ISS007-E-10807 (21 July 2003) --- This view of Earth's horizon as the sunsets over the Pacific Ocean was taken by an Expedition 7 crewmember onboard the International Space Station (ISS). Anvil tops of thunderclouds are also visible. Credit: Earth Science and Remote Sensing Unit, NASA Johnson Space Center

Image Credit: ISS007-E-10807 (21 July 2003) – Earth Science and Remote Sensing Unit, NASA Johnson Space Center

Wetware Rising

Published.

Subjectively, analog representations of reality, such as an LP of music played on a record player, are considered to be “warm” by purists, as opposed to the “cold” digital playback of MP3 and other audio codices. In all things digital, reality is translated into binary code using only 1 and 0 (or off and on). The Digital Revolution has obviously succeeded beyond all expectations because the massive amount of 1’s and 0’s used creates such a fine-scale representation of reality that human senses cannot tell the difference. The best audio technology today is now almost undistinguishable by humans from analog formats. The digital Ultra High Definition video currently in laboratories is reportedly so effective at representing reality that human viewers feel motion sickness.

One current drawback of digital technology to create artificial retinas and other sensory replacements is the enormous amounts of data required to emulate reality. Current artificial visual systems require dedicated computer systems and result in only a visible grid of white and black areas that represent open areas and boundaries. While this technology is a huge step forward for the blind, the full-color, widescreen, three-dimensional representation of the world enjoyed by most sighted people seems a long shot.
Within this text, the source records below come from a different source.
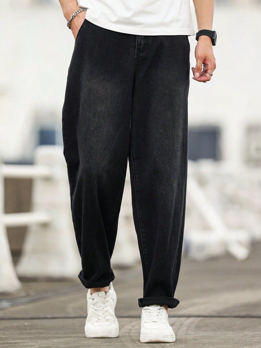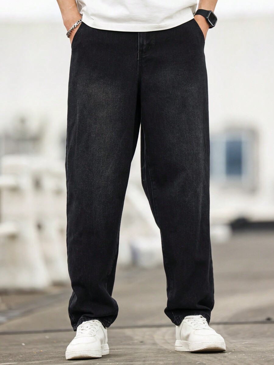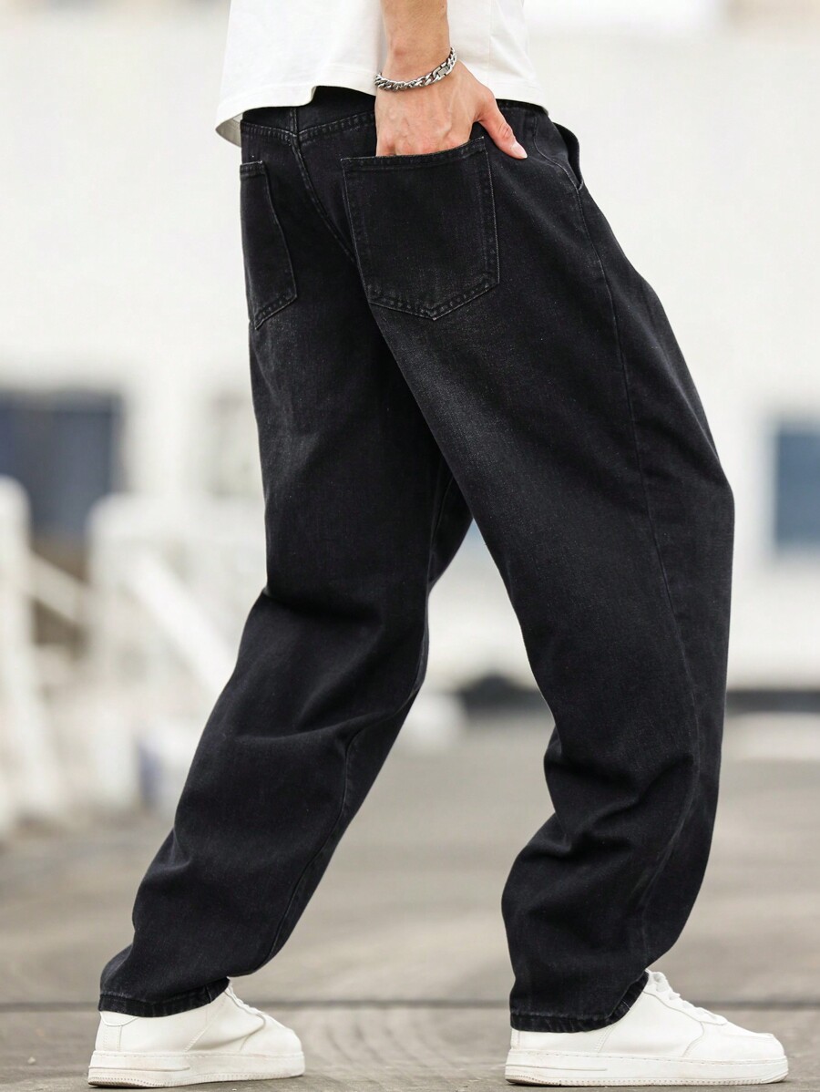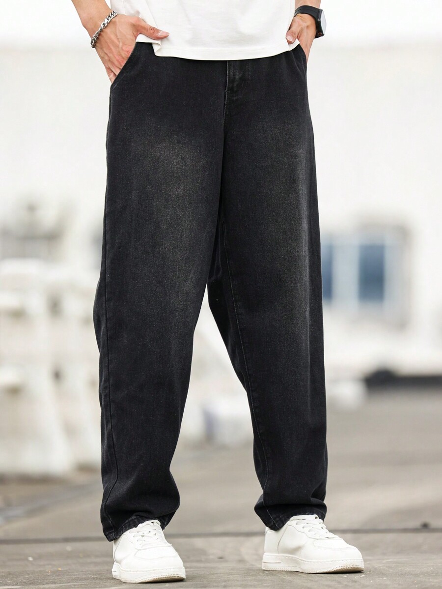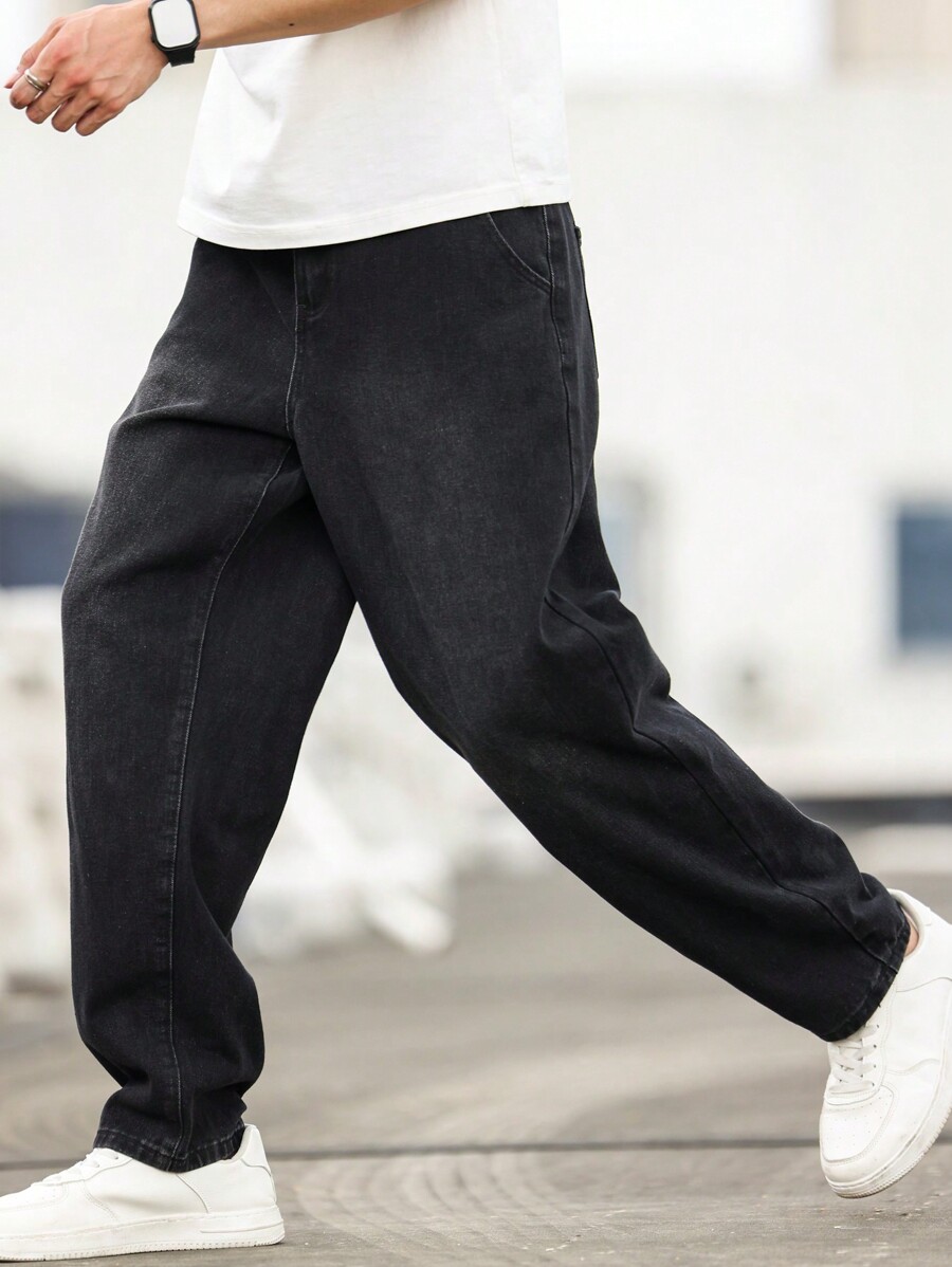 Manfinity Hypemode Men’s Wide Leg Solid Color Casual Jeans With Pockets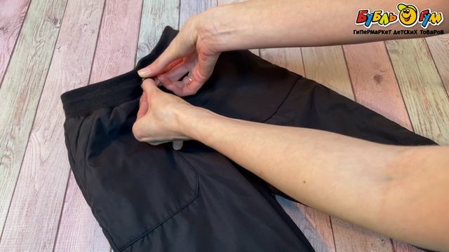 330053 Брюки Lanson Kids однотонные непромокаемые с манжетами и шнурком на поясе черные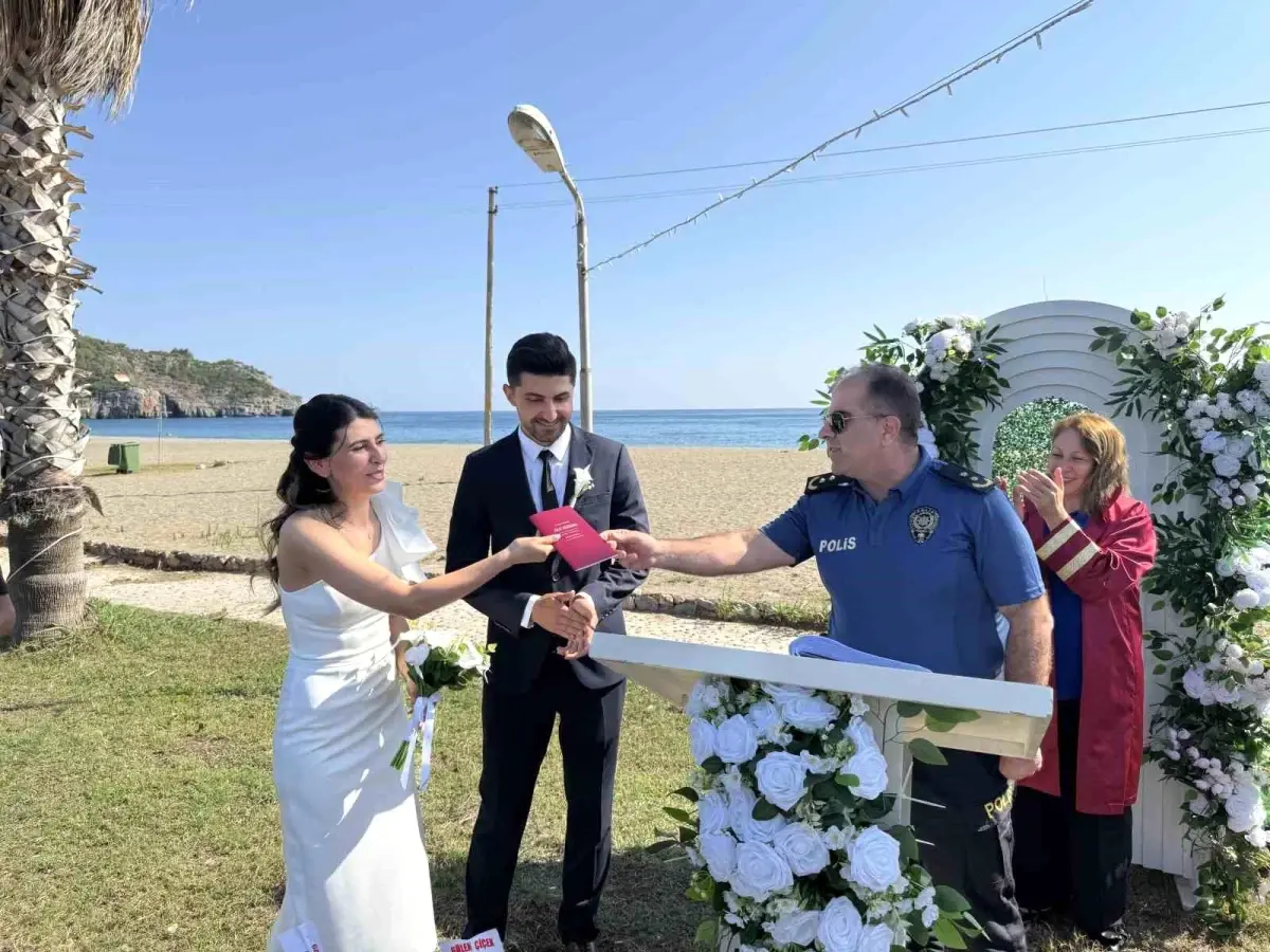Nikah memurunun kıydığı nikahın akabinde evlilik cüzdanı, İlçe Emniyet Müdürü Mehmet Ali Kayhan tarafından Dilek Çobanoğlu’na teslim edildi. – ANTALYA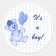 Cute blue bear with his cap holding blue balloons. Text is customisable for other occasions.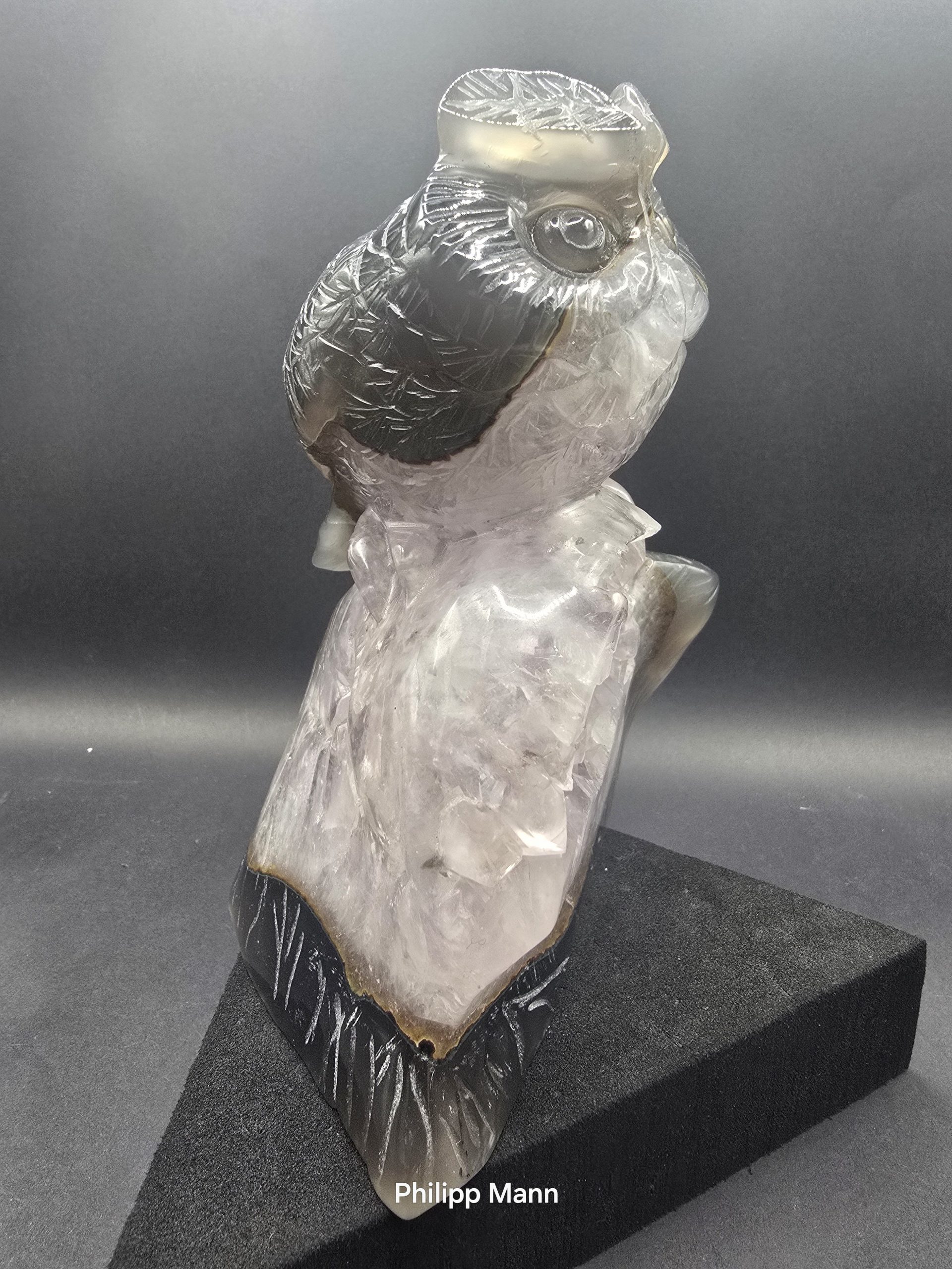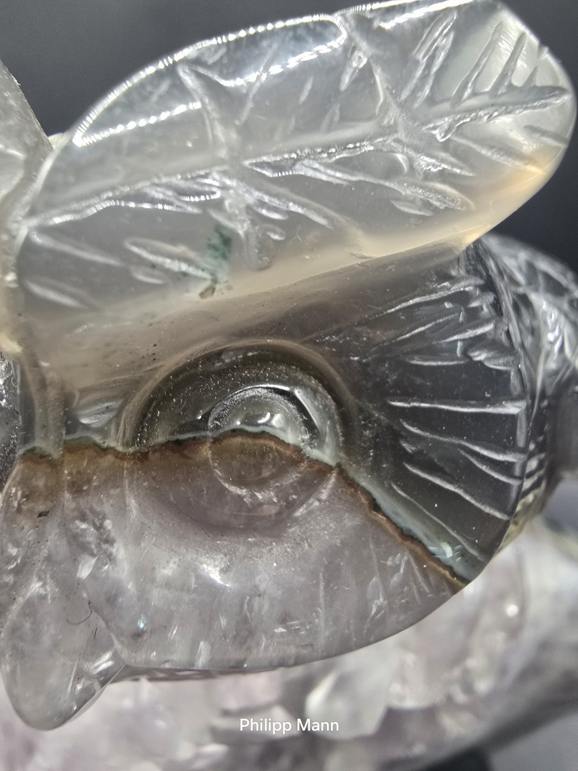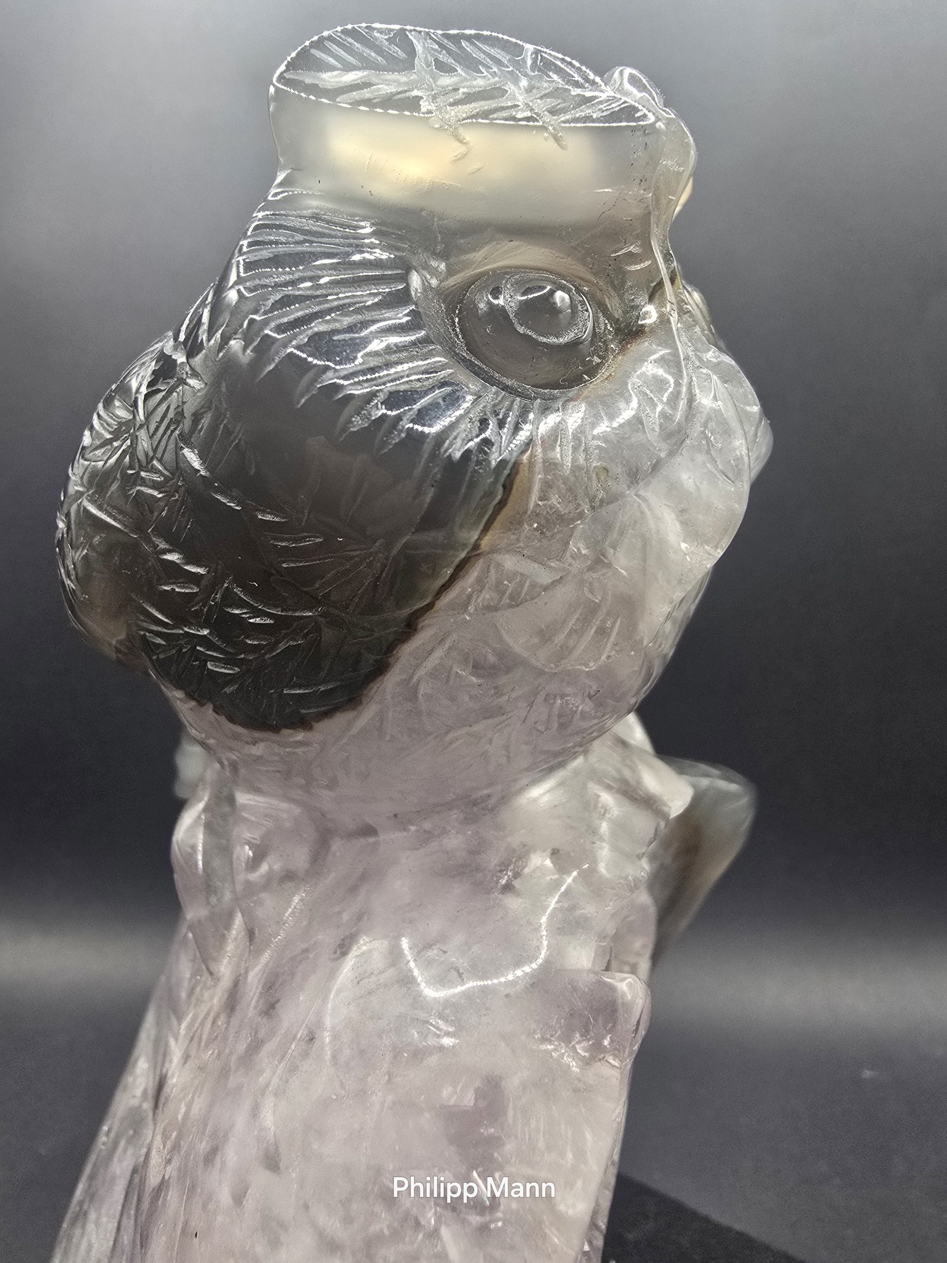 Schnitzkunst trifft Natur: Eule aus Amethyst mit einzigartiger Geodenöffnung – ein echter Blickfang!

Enter analog technology. Analog technology detects the continuum of data between two set points bounded only by its capabilities. For example, the human biological eye is an analog device that can perceive the degrees of color wavelengths bounded by the visible light slice of the electromagnetic spectrum. New audio technology from Akustica embeds a membrane-based device on a microchip. Meanwhile, researchers at Stanford University School of Medicine have developed a microchip with a chemical delivery system for the same neurotransmitters that the biological eye uses to transmit visual data into the brain for processing. This merging of analog mechanical devices with electronics is called Micro-Electro-Mechanical Systems (MEMS) technology.

The Analog and Digital Revolutions currently underway are merging into “wetware” (the perceived “wetness” of biological systems combined with the “dry” logic of digital hardware and software).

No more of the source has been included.